EXERCISE OBJECTIVE: Below is a set of records, and all of them should be retyped exactly, minus the pictures.

══════════

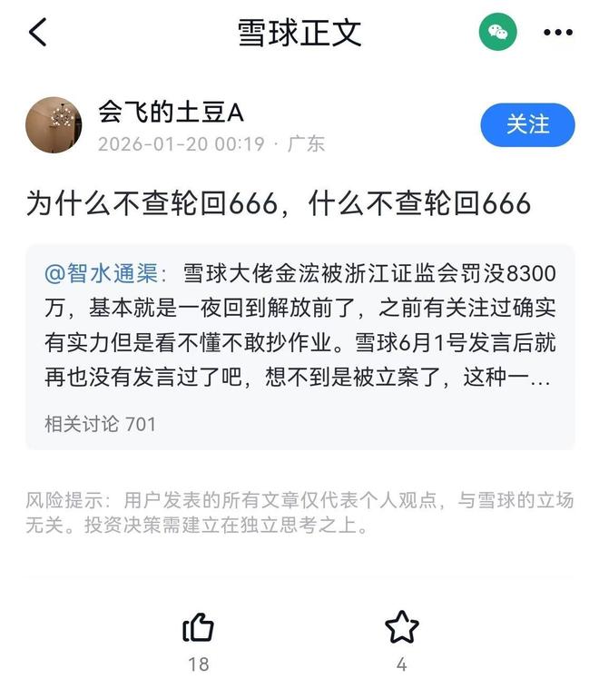 在“轮回666”之外,诸如“福禄娃爷爷”等的操作手法此前亦在雪球平台上有着广泛讨论,有质疑者认为其存在割韭菜行为。 在平台用户之外,此次封禁的账号拥有人也有表态。“轮回666”拥有人在今日于公众号“轮回666的一亩三分地”发布了名为“遗憾”的文章表示,“混进网络十余年,终有一日挥挥手”。
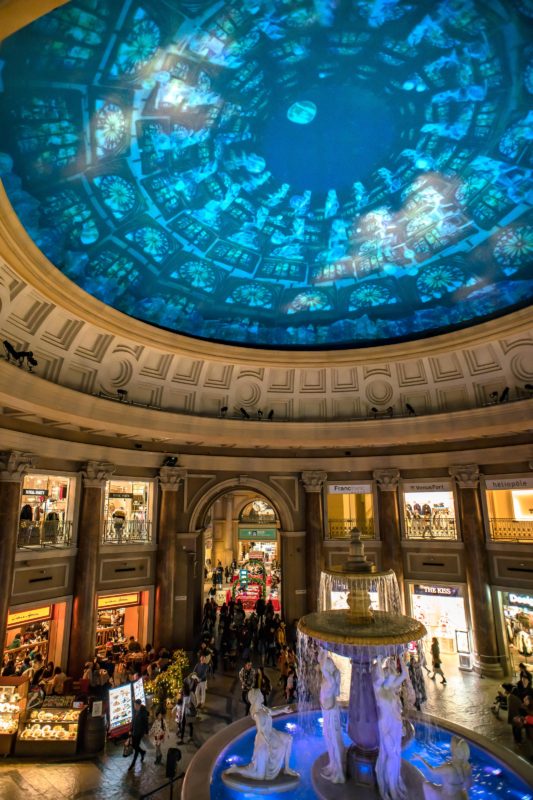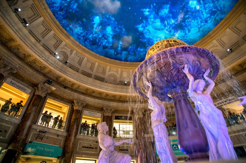 ここVenusFortは普段から天井に青空が映し出されていたりするので、青っぽい映像を映しても変化に乏しかったのかも知れませんね。いっその事赤とかピンクとかもっと派手なCGであれば暗くても存在感が出たように思います。
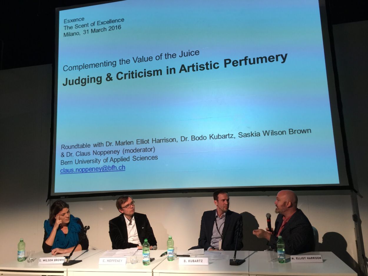 A discussion on the value of judging and criticism in perfumery at the Esxence tradefair, Milano. A panel with Saskia Wilson-Brown, Bodo Kubartz, Marlen Harrison initiated by Claus Noppeney.
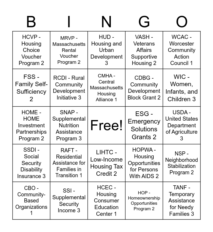 This bingo card has a free space and 25 words: RAFT - Residential Assistance for Families in Transition 1, HCEC - Housing Consumer Education Center 1, CMHA - Central Massachusetts Housing Alliance 1, CBO - Community-Based Organizations 1, WCAC - Worcester Community Action Council 1, HCVP - Housing Choice Voucher Program 2, FSS - Family Self-Sufficiency 2, MRVP - Massachusetts Rental Voucher Program 2, ESG - Emergency Solutions Grants 2, LIHTC - Low-Income Housing Tax Credit 2, CDBG - Community Development Block Grant 2, HOME - HOME Investment Partnerships Program 2, HOPWA - Housing Opportunities for Persons With AIDS 2, NSP - Neighborhood Stabilization Program 2, RCDI - Rural Community Development Initiative 3, EPA - Environmental Protection Agency 3, USDA - United States Department of Agriculture 3, HUD - Housing and Urban Development 3, WIC - Women, Infants, and Children 3, SNAP - Supplemental Nutrition Assistance Program 3, TANF - Temporary Assistance for Needy Families 3, SSI - Supplemental Security Income 3, SSDI - Social Security Disability Insurance 3, VASH - Veterans Affairs Supportive Housing 2 and HOP - Homeownership Opportunities Program 2.
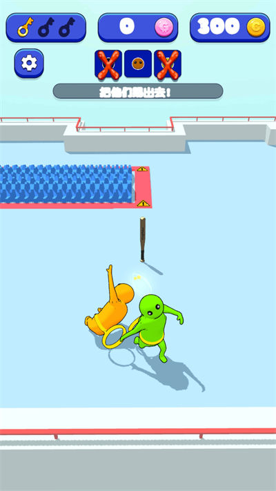 1、卡通風(fēng)格的游戲畫面,游戲中的場(chǎng)景簡約清新,橡皮人角色非常的魔性搞笑;

══════════

YOUR RESPONSE:
 在“轮回666”之外,诸如“福禄娃爷爷”等的操作手法此前亦在雪球平台上有着广泛讨论,有质疑者认为其存在割韭菜行为。 在平台用户之外,此次封禁的账号拥有人也有表态。“轮回666”拥有人在今日于公众号“轮回666的一亩三分地”发布了名为“遗憾”的文章表示,“混进网络十余年,终有一日挥挥手”。
 ここVenusFortは普段から天井に青空が映し出されていたりするので、青っぽい映像を映しても変化に乏しかったのかも知れませんね。いっその事赤とかピンクとかもっと派手なCGであれば暗くても存在感が出たように思います。
 A discussion on the value of judging and criticism in perfumery at the Esxence tradefair, Milano. A panel with Saskia Wilson-Brown, Bodo Kubartz, Marlen Harrison initiated by Claus Noppeney.
 This bingo card has a free space and 25 words: RAFT - Residential Assistance for Families in Transition 1, HCEC - Housing Consumer Education Center 1, CMHA - Central Massachusetts Housing Alliance 1, CBO - Community-Based Organizations 1, WCAC - Worcester Community Action Council 1, HCVP - Housing Choice Voucher Program 2, FSS - Family Self-Sufficiency 2, MRVP - Massachusetts Rental Voucher Program 2, ESG - Emergency Solutions Grants 2, LIHTC - Low-Income Housing Tax Credit 2, CDBG - Community Development Block Grant 2, HOME - HOME Investment Partnerships Program 2, HOPWA - Housing Opportunities for Persons With AIDS 2, NSP - Neighborhood Stabilization Program 2, RCDI - Rural Community Development Initiative 3, EPA - Environmental Protection Agency 3, USDA - United States Department of Agriculture 3, HUD - Housing and Urban Development 3, WIC - Women, Infants, and Children 3, SNAP - Supplemental Nutrition Assistance Program 3, TANF - Temporary Assistance for Needy Families 3, SSI - Supplemental Security Income 3, SSDI - Social Security Disability Insurance 3, VASH - Veterans Affairs Supportive Housing 2 and HOP - Homeownership Opportunities Program 2.
 1、卡通風(fēng)格的游戲畫面,游戲中的場(chǎng)景簡約清新,橡皮人角色非常的魔性搞笑;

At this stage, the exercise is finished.